Outliers

"Outliers" are values that "lie outside" the other values.

When we collect data, sometimes there are values that are "far away" from the main group of data ... what do we do with them?

 

Example: Long Jump

A new coach has been working with the Long Jump team this month, and the athletes' performance has changed.

Augustus can now jump 0.15m further, June and Carol can jump 0.06m further.

Here are all the results:

  • Augustus: +0.15m
  • Tom: +0.11m
  • June: +0.06m
  • Carol: +0.06m
  • Bob: + 0.12m
  • Sam: -0.56m

Oh no! Sam got worse.

Here are the results on the number line:

The mean is:

(0.15+0.11+0.06+0.06+0.12-0.56) / 6 = -0.06 / 6 = -0.01m

So, on average the performance went DOWN.

The coach is obviously useless ... right?

Sam's result is an "Outlier" ... what if we remove Sam's result?

Example: Long Jump (continued)

Let us try the results WITHOUT Sam:

Mean = (0.15+0.11+0.06+0.06+0.12)/6 = 0.08m

Hey, the coach looks much better now!

But is that fair?
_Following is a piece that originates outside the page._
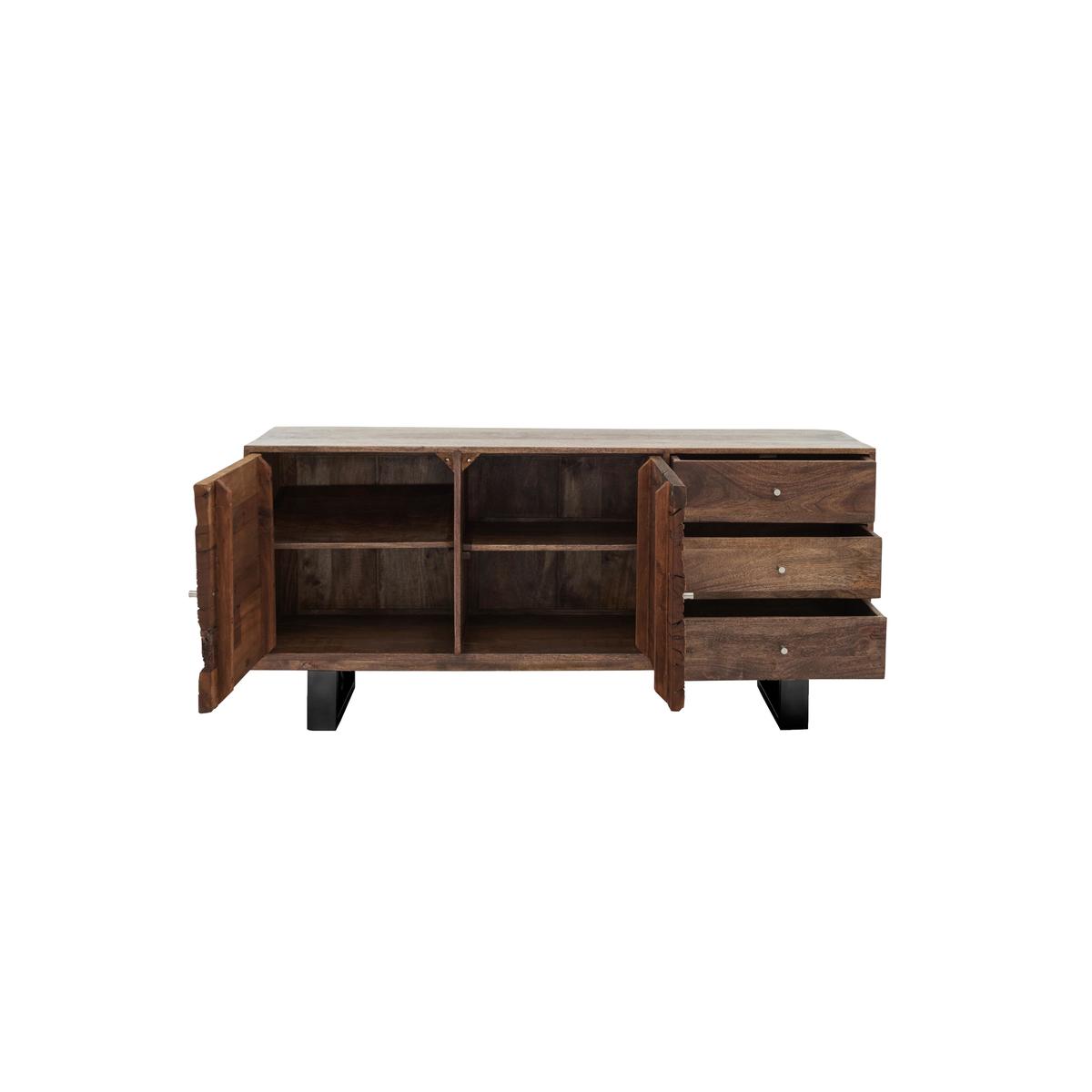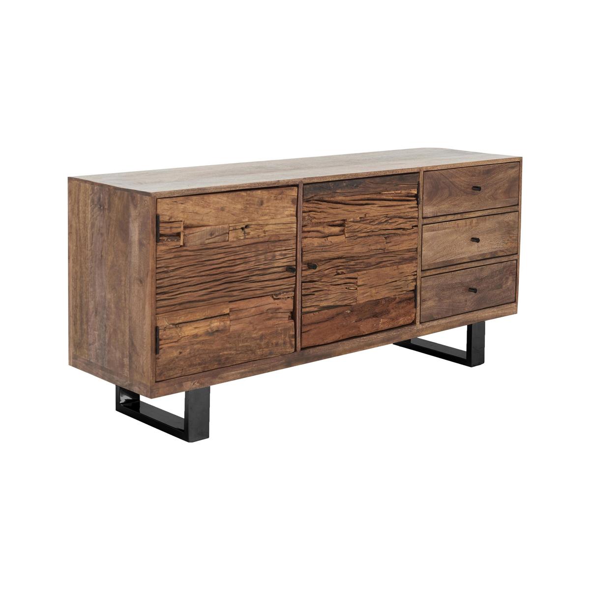 Beautifully crafted from vintage railway sleepers and mango wood, this spacious large sideboard oozes charm and character. Why you'll love it Large sideboard gives you roomy storage and plenty of character. Authentic industrial style in rustic wood and iron. Made with reclaimed vintage railway sleepers from India. Front has striking planked effect. U- shaped black iron legs. This large sideboard is part of our Noir range. What you need to know Double- door cupboard has 2 shelves. Made of reclaimed railway sleepers and mango wood. Each plank of reclaimed wood has unique grain, knots and markings and colour variations. This reclaimed wood has an irregular distressed surface and a natural untreated finish. We recommend using coasters and placemats at all times. WARNING! Furniture can tip over unexpectedly and cause injury. This item must be fixed to a wall using the anti- tip kit provided. Be sure to use the correct wall fixings suitable for the walls in your home. Furniture Village is not able to fix anti- tip devices for you. Seek professional advice if you are unsure.
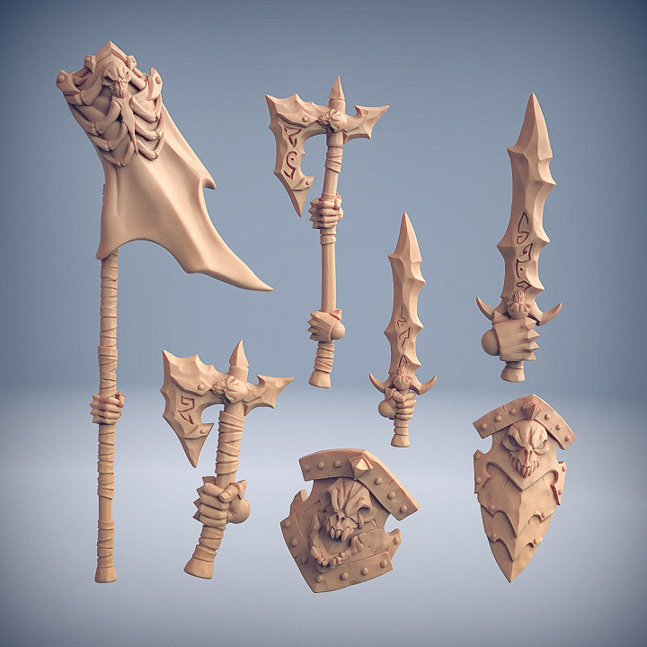 This model depicts a powerful female Orc from the Frostmetal Clan, known for their control of necromantic arts and fearsome combat skills. The Orc is equipped with interchangeable weapons, including an axe, great axe, sword, broadsword, shield, and banner. These fierce warriors have sworn to protect the temple of Ferocity and boast black metal armor reinforced with bones. The intricate details highlight the might and resilience of these battle-hardened warriors.

Can we just get rid of values we don't like?

What To Do?

You need to think "why is that value over there?"

It may be quite normal to have high or low values

  • People can be short or tall
  • Some days there is no rain, other days there can be a downpour
  • Athletes can perform better or worse on different days

Or there may be an unusual reason for extreme data

Example: Long Jump (continued)

We find out that Sam was feeling sick that day. Not the coach's fault at all.

So it is a good idea in this case to remove Sam's result.

When we remove outliers we are changing the data, it is no longer "pure", so we shouldn't just get rid of the outliers without a good reason!

And when we do get rid of them, we should explain what we are doing and why.

Mean, Median and Mode

We saw how outliers affect the mean, but what about the median or mode?

Example: Long Jump (continued)

The median ("middle" value):

  • including Sam is: 0.085
  • without Sam is: 0.11 (went up a little)

The mode (the most common value):

  • including Sam is: 0.06
  • without Sam is: 0.06 (stayed the same)

The mode and median didn't change very much.

They also stayed around where most of the data is.

So it seems that outliers have the biggest effect on the mean, and not so much on the median or mode.

Hint: calculate the median and mode when you have outliers.